◆ **WORK INSTRUCTION**:
Lift out, unaltered, the lines of the material below between the line holding "O SUV capotado" and the line holding "Logo brodé, col", counting both.

◆ **MATERIAL SHOWN**:
_ _ _ _

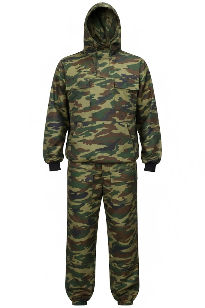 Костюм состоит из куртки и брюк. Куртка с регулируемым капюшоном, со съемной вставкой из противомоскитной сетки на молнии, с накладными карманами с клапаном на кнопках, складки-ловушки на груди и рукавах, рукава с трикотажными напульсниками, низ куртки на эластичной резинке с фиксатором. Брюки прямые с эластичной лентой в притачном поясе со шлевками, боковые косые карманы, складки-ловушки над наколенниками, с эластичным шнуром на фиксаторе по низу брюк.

_ _ _ _

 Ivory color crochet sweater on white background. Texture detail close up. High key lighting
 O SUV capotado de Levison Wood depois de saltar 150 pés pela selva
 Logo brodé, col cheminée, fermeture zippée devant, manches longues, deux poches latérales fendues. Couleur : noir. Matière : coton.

_ _ _ _

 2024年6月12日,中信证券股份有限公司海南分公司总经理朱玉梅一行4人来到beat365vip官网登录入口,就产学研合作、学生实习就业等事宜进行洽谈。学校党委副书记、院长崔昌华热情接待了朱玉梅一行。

_ _ _ _

◆ **RESPONSE TO THE EXERCISE**:
 O SUV capotado de Levison Wood depois de saltar 150 pés pela selva
 Logo brodé, col cheminée, fermeture zippée devant, manches longues, deux poches latérales fendues. Couleur : noir. Matière : coton.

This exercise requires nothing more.